• [EXERCISE DIRECTIONS]: The answer must consist solely of the lines from the one with "Плоский грушевидной формы" through the last line of the data, copied exactly, with no pictures.

• [SOURCE DATA]:
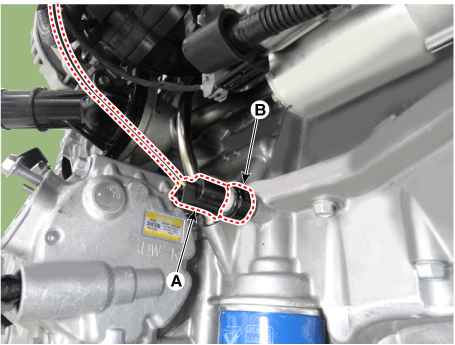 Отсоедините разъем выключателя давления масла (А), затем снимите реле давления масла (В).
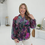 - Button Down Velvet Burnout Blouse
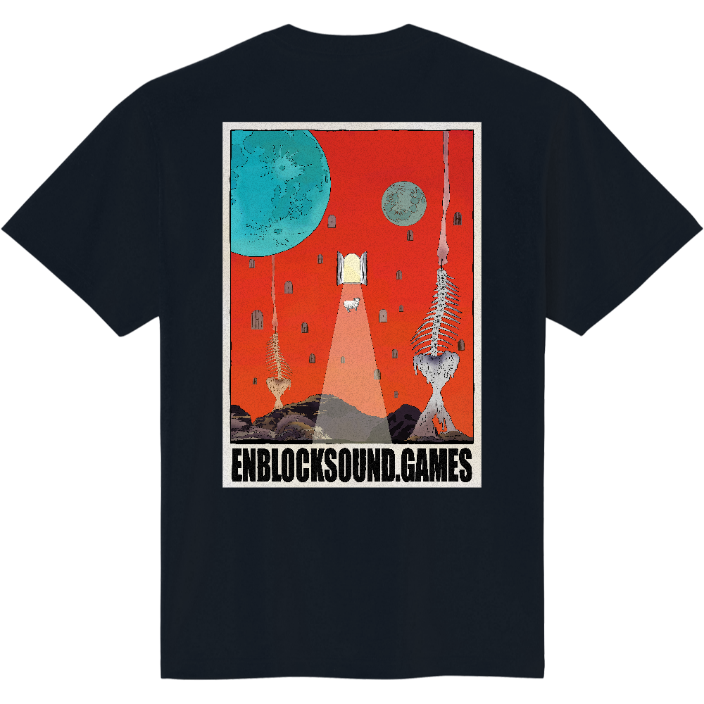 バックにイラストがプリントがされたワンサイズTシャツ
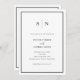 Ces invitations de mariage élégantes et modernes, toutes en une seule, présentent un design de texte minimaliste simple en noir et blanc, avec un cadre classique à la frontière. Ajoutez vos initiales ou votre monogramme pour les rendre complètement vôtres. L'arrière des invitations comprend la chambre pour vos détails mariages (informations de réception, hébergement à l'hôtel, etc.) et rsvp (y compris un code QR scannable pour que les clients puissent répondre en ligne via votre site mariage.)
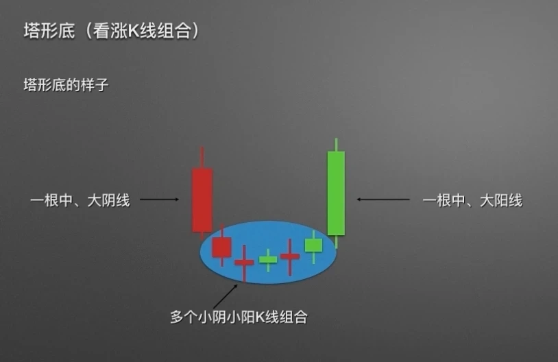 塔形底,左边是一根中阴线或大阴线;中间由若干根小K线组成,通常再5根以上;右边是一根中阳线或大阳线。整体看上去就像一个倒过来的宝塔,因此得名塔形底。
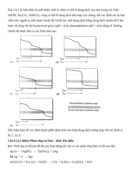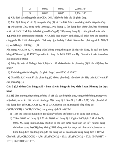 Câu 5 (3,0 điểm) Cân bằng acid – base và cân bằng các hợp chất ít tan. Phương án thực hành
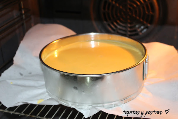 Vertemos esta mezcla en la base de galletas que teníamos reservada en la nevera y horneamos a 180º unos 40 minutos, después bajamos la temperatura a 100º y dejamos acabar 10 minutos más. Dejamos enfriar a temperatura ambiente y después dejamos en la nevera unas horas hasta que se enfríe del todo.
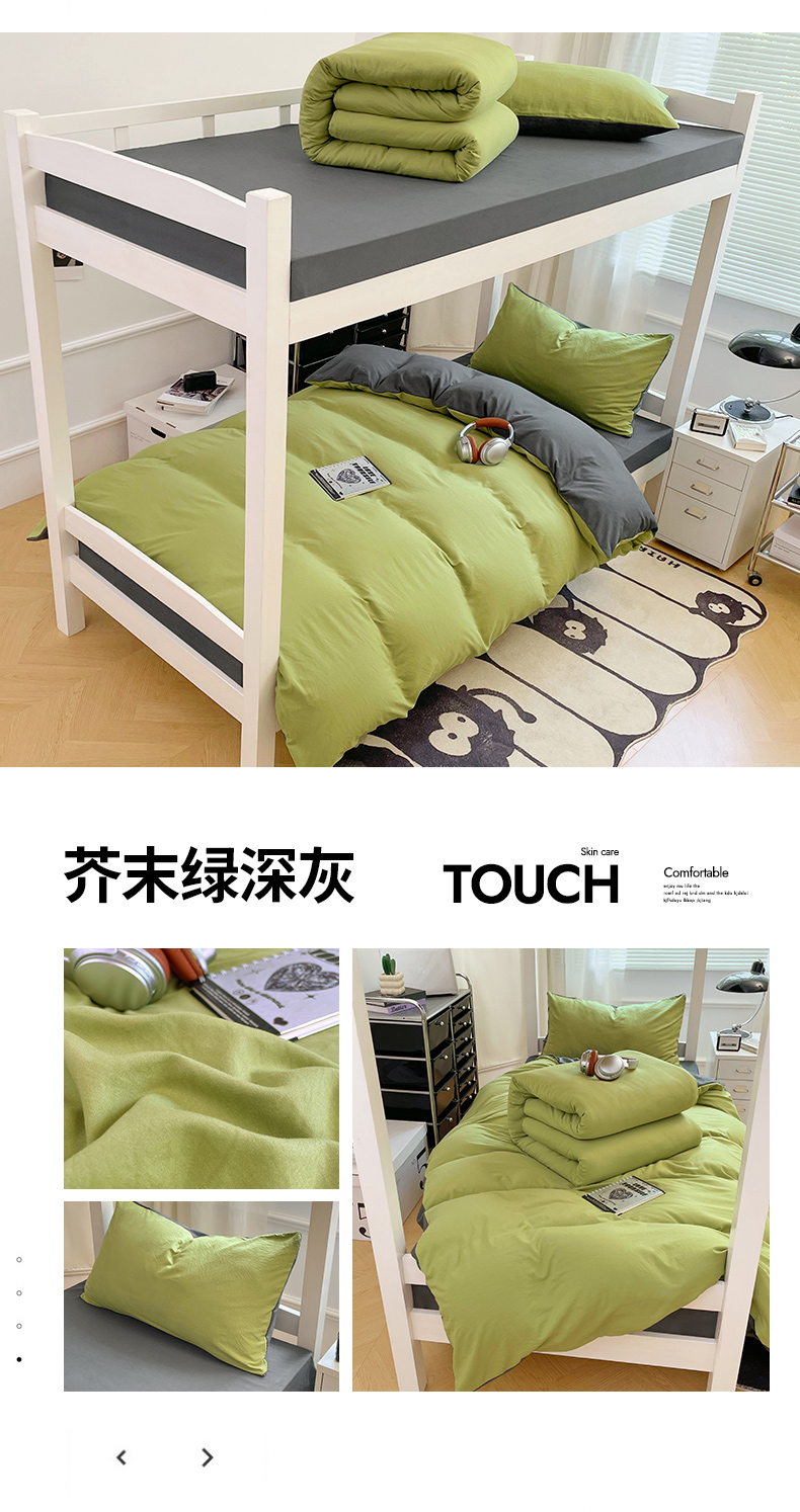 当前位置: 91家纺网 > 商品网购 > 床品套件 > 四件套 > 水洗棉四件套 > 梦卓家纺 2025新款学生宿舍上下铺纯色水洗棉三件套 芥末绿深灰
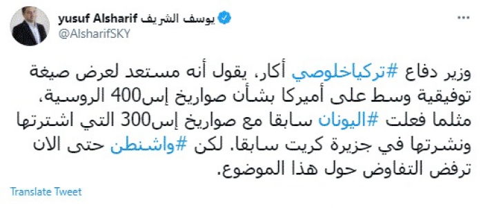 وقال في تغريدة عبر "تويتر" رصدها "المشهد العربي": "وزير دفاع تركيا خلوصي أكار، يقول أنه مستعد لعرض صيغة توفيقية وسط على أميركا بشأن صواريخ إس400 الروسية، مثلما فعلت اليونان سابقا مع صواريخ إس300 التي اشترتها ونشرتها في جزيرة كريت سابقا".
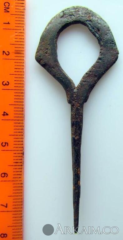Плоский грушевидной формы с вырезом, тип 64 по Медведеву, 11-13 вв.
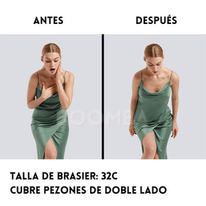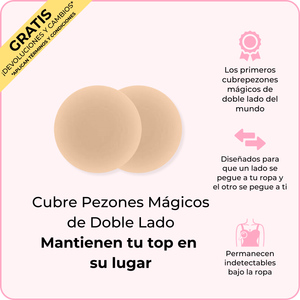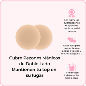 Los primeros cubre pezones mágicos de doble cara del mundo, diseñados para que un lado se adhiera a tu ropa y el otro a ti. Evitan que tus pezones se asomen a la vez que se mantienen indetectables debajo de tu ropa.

• [ANSWER SECTION]:
Плоский грушевидной формы с вырезом, тип 64 по Медведеву, 11-13 вв.
 Los primeros cubre pezones mágicos de doble cara del mundo, diseñados para que un lado se adhiera a tu ropa y el otro a ti. Evitan que tus pezones se asomen a la vez que se mantienen indetectables debajo de tu ropa.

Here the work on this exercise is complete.